2) Perfect Boyfriend = Perfect Match
People will need to download the Boyfriend App (the BFA) and register by completing a highly detailed questionnaire. In order for the BFA to work, a registry with superpersonal information is a must. The BFA needs to know everything about you. If you’re claustrophobic and scared of big dogs, the BFA can’t match you with a boyfriend who loves packed movie theaters and has a Rottweiler with a spiky collar named Kill Boy.

 

3) This is NOT a dating app.
The BFA takes any preconceived notions about digital matchmaking and injects them with steroids to create a virtual Boyfriend Finder. An alert sounds on your cell phone when your Top Love Match is within 100 yards. Say you’re walking by the theater and the alert rings out: It turns out your perfect boyfriend—the guy who is totally made for you—is on stage running lines for King Lear. There’s no more missed opportunities, no more mistakes, no more chance happenings thrown away because you weren’t paying attention.

 

WHO NEEDS FATE WHEN YOU HAVE THE BOYFRIEND APP?

 

I jerked forward as Lindsay slammed to a stop twenty feet in front of a red light. “Someone needs to teach Blake and the Martin sisters a lesson,” she said.

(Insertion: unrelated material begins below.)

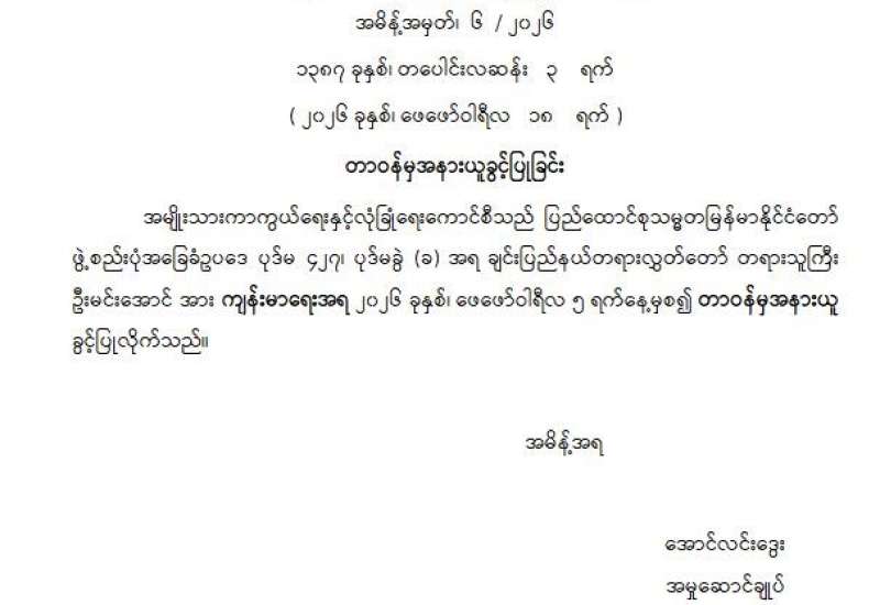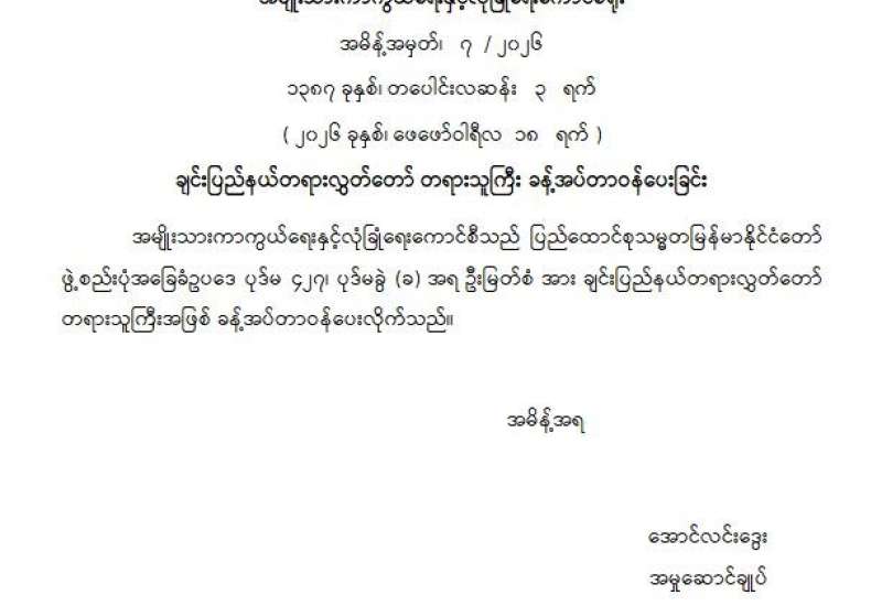 ချင်းပြည်နယ်တရားလွှတ်တော် တရားသူကြီး ခန့်အပ်တာဝန်ပေးခြင်း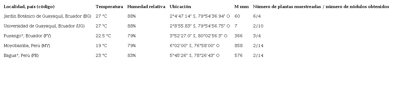 Los aislamientos, pruebas de identificación y tipificación molecular, nodulación y fijación de nitrógeno de las bacterias se realizaron en el Laboratorio de Ecología Microbiana y Biotecnología (LEMyB) del Departamento de Biología de la UNALM. La tabla 1 muestra las localidades de muestreo, promedios de temperatura y humedad relativa anuales, la ubicación geográfica, altitud, el número de plantas y el número de nódulos efectivos que originaron los aislados de rizobios para este estudio. Los resultados del análisis de suelo se presentan en la tabla 2.

Claire took a break from drawing horse heads in the steam on her window. “You can say that again.”

Lindsay said it again, but Claire didn’t laugh. Neither did I.

I snapped the journal shut and slunk farther down against the leather. Lindsay didn’t know the feeling of being not liked, and I was grateful for that. I don’t know what I’d do if anyone was mean to her. Everyone’s loved Lindsay since she entered the world via cesarean section, nine days before I did. She had a group of friends, but she usually just hung out with anyone she found interesting in the moment. (Though she avoided Blake & Co. out of loyalty to me.) To top off Lindsay’s lovability, in the summer between our sophomore and junior year, she did the coolest thing anyone at Harrison has ever done, which was to spend three months in New York City at FIT on a grant awarded by Kate Spade. She came back all worldly and everything, and everyone noticed. Between FIT and her fashion blog, she was sort of untouchable.